November 13, 2009

“Cyborg astronauts” could scan for life on Mars

U of C researcher Patrick McGuire (B.A. ’89) envisions a future where “cyborg astrobiologists,” astronauts equipped with high-tech headgear and software, scour the surface of Mars, electronically sifting through mountains of rocks and soil before being directed to only the most worthwhile samples.

McGuire is looking to reinvent the way researchers study other worlds by creating robots that can not only see, but independently analyze images and find patterns that might ultimately give clues to the existence of extraterrestrial life.

He hopes to apply the technology to astronauts’ spacesuits, resulting in cyborg spacefarers that can process visual stimuli the naked eye can’t.

These cyborg astronauts have the potential to make important discoveries in the field: In testing in the western U.S., McGuire’s system has been used to analyze small iron deposits in sedimentary rock, called redbeds, which McGuire says are sometimes caused by fungus-algae hybrids known as lichens.

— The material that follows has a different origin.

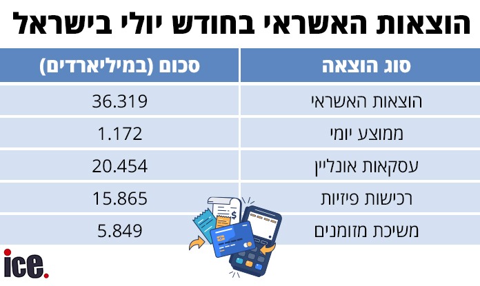 במהלך יולי האחרון הוציאו הישראלים בכרטיסי אשראי בסכום כולל של 36.319 מיליארד שקלים, שאת לעומת סכום של 31.162 מיליארד שקלים שהוציאו ביולי אשתקד. הסכום בחודש שעבר גבוה ב-4.54% מהסכום שהוציאו הישראלים בחודש יוני שעמד על 34.732 מיליארד שקלים.

Lichens that grow on the redbeds are “not obvious to the human eye,” McGuire said, but cyborgs might be a way to find these tiny signs of primitive life.

Using a neural network developed by physicist John Hopfield, called a Hopfield Neural Network (HNN), McGuire’s system mimics biological sight by comparing new data with previously collected data. This way, McGuire’s robots can single out objects that are different from their surroundings.

A patch of land is recorded as an image and analyzed in layers of red, blue, and green using software McGuire developed himself. Numerical values are assigned to each color, which are transformed into values for hue, saturation, and intensity.

The HNN maps these averages onto distinct points in space and creates diagrams out of them. The computer breaks these images into similar areas, called segmentation maps.

If any points on the map differ from their surroundings, they show up on “uncommon maps,” which detect and highlight unique areas of coloring. From these uncommon maps, McGuire creates interest maps, which are the final product of the analysis.

In the past, astronomers have primarily launched unmanned robots, like the Mars rovers Spirit and Opportunity, to take photographs and soil samples, which are beamed back for earth-bound explorers to study. McGuire’s system allows a robot, or robot-assisted human explorer, to focus on areas more likely to merit further investigation. Though most maps created by HNN come from still pictures, McGuire hopes to apply his neural system to video, looking for significant changes in color over time as land is traversed using feedback loops, allowing the robots to “look at a series of images in real time,” McGuire said.

Because of the feedback, the novelty detection software has a memory of stored information based on what is has already seen. The AI system “takes the set of ones and zeros [assigned to the colors] and looks for other sets of ones and zeros that [are] similar to that,” McGuire said. “It’s a way to look for patterns that are familiar.”

Even before cyborg-astrobiologists become fully autonomous, astronauts could use this type of technology for planetary exploration. As of now, the system is a “wearable computer,” McGuire said, with the potential of becoming a semi-autonomous system functioning without human control.

The computer system includes a video camera, visor, keyboard, mouse, and long-lasting battery pack that all strap on to the user.

To develop the system, McGuire drew from his experience with neural networks that began with his undergraduate education at U of C. “I brought ideas, know-how, and technology” to create the cyborg system, he said. Past projects required him to be able to find points of interest in images, which helped him come up with the system of uncommon mapping.

Besides being used in space, McGuire said this technology could be used to study places with harsh and extreme environments on earth, such as the ocean floor and Antarctica.